++++ Available data ++++
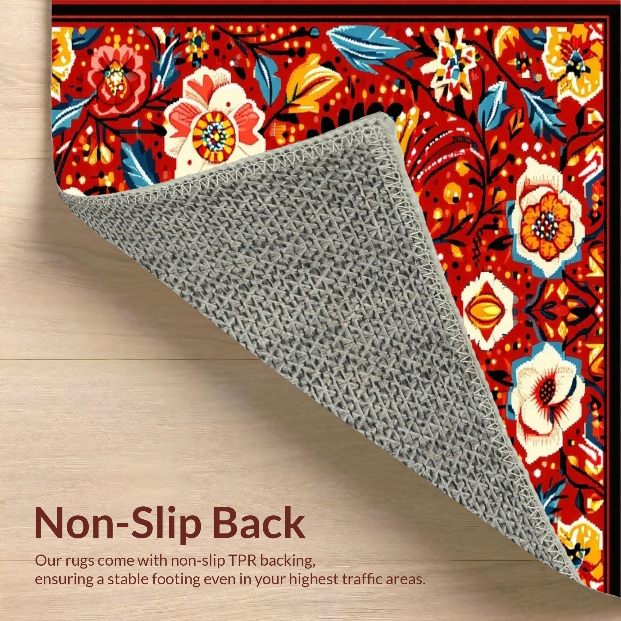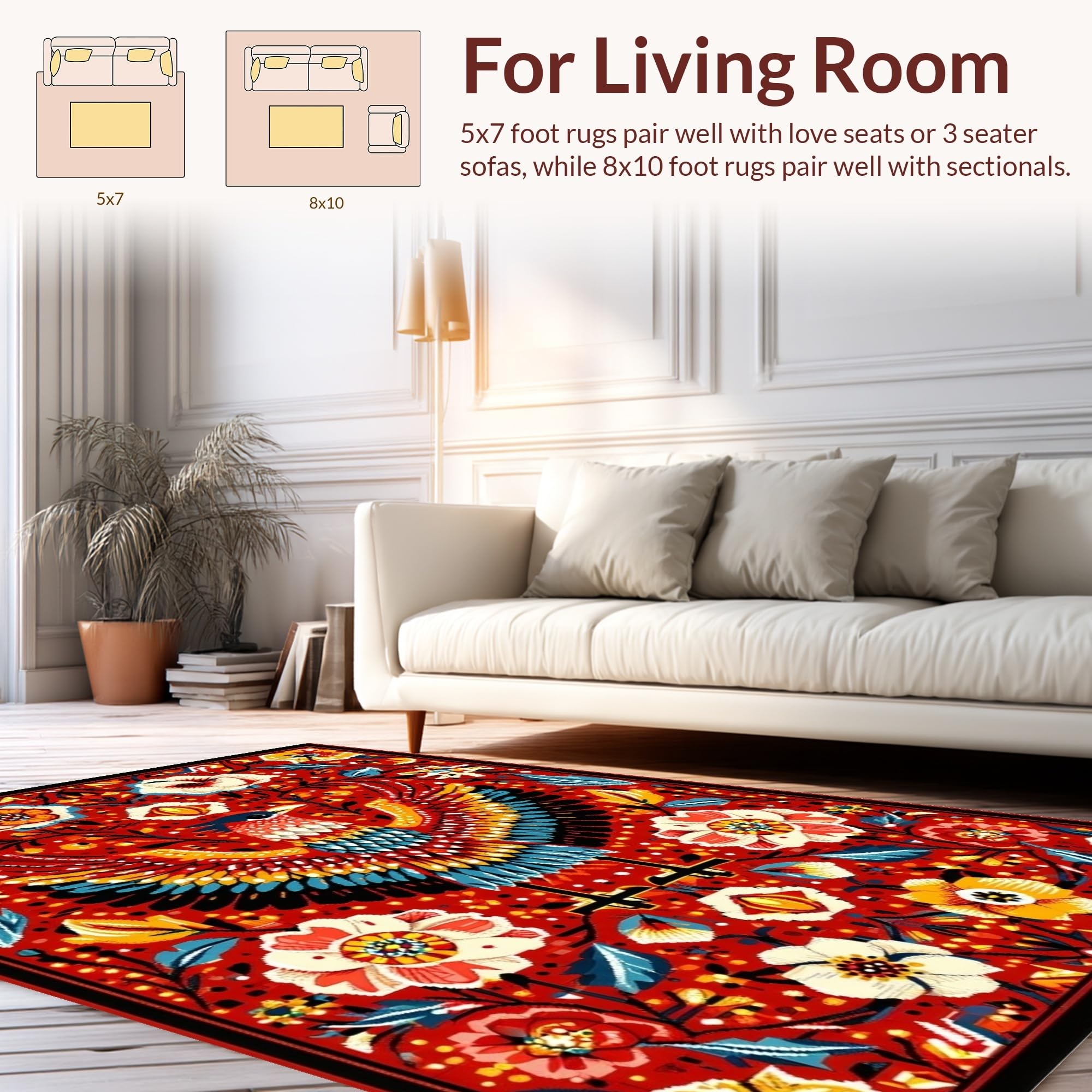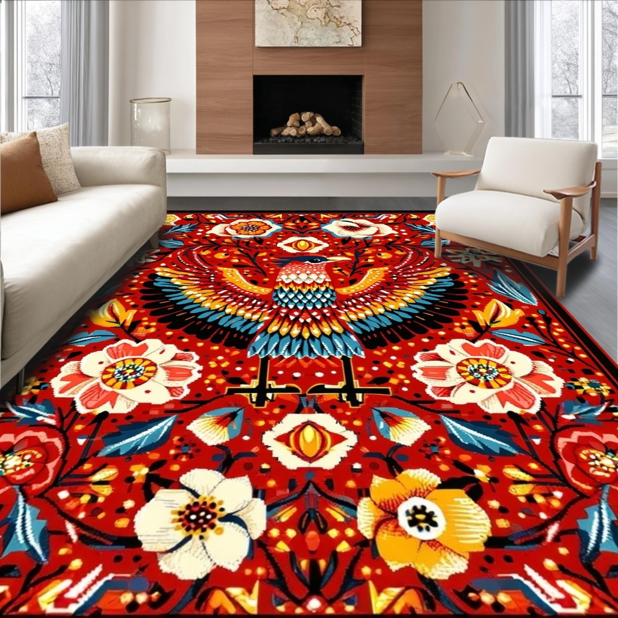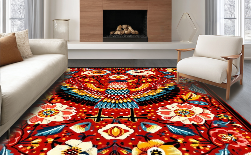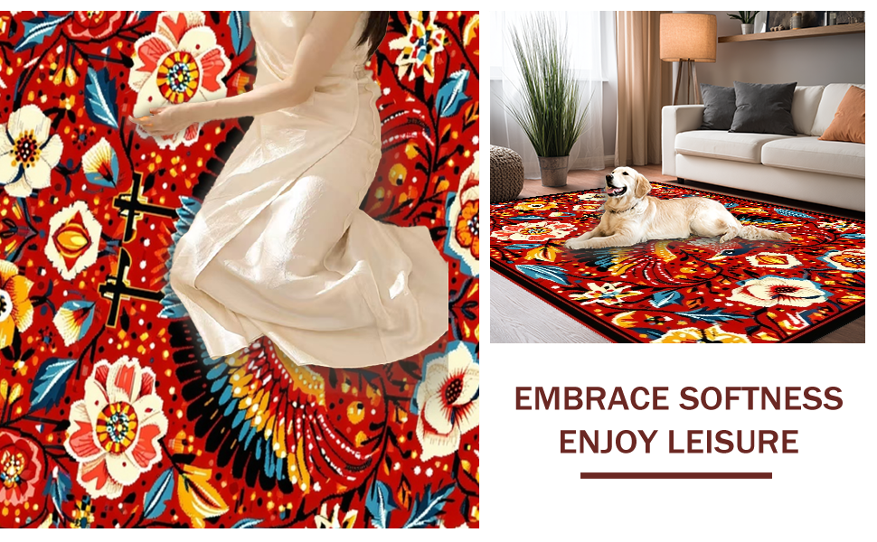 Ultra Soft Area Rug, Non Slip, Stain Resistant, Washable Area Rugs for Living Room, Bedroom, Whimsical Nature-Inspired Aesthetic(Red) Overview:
++++
++++ Available data ++++
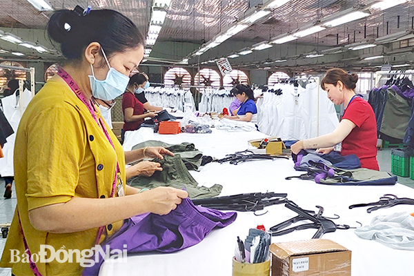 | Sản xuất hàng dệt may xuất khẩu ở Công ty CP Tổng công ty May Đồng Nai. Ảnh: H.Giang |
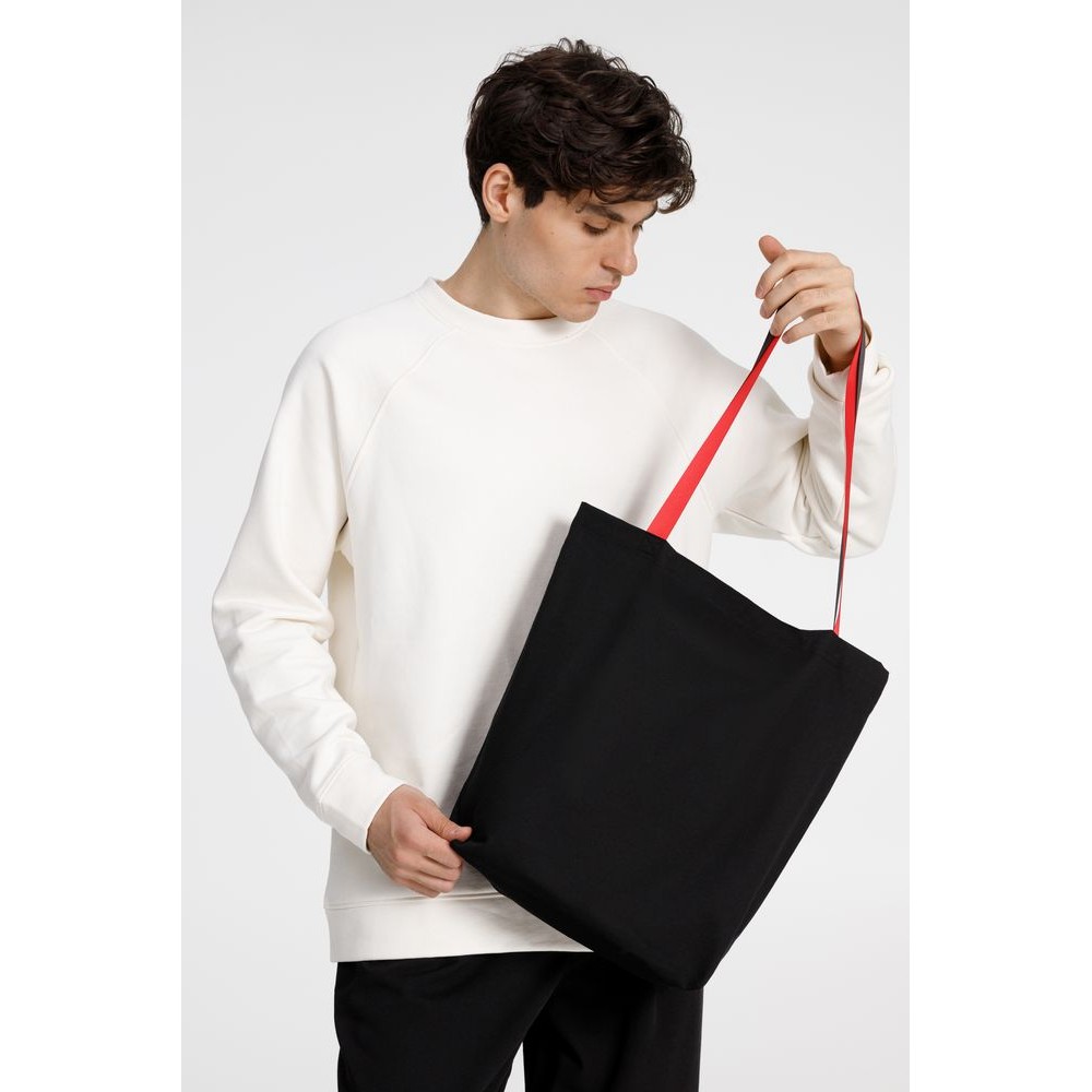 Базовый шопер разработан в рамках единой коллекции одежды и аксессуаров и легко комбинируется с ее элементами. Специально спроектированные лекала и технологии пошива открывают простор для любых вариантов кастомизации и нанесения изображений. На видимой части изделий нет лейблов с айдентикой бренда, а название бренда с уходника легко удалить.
++++
++++ Available data ++++
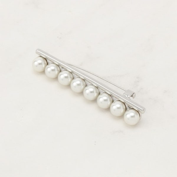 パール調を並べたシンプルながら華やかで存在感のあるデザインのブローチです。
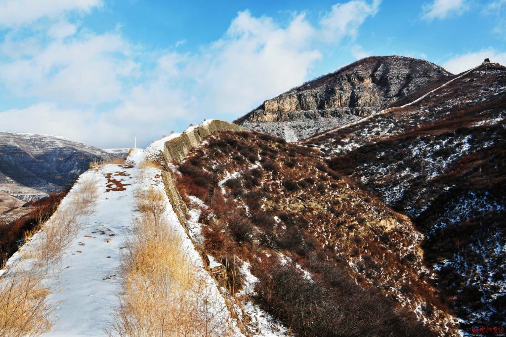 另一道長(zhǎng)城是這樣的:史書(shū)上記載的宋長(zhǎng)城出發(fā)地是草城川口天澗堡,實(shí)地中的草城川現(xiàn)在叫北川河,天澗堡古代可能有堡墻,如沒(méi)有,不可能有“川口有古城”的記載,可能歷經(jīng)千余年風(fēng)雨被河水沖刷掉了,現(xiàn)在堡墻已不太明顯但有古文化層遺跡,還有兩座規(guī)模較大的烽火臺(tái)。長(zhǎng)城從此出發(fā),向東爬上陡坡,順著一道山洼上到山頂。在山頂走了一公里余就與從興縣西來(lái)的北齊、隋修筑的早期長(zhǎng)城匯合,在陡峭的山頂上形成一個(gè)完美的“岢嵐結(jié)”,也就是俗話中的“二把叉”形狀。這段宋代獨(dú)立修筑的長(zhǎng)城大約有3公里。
++++
■ Task directions:
Retype the lines above exactly as they appear, from the line containing "Ảnh: H.Giang |" through the line containing "Базовый шопер разработан", and leave out any pictures.

■ Your solution:
 | Sản xuất hàng dệt may xuất khẩu ở Công ty CP Tổng công ty May Đồng Nai. Ảnh: H.Giang |
 Базовый шопер разработан в рамках единой коллекции одежды и аксессуаров и легко комбинируется с ее элементами. Специально спроектированные лекала и технологии пошива открывают простор для любых вариантов кастомизации и нанесения изображений. На видимой части изделий нет лейблов с айдентикой бренда, а название бренда с уходника легко удалить.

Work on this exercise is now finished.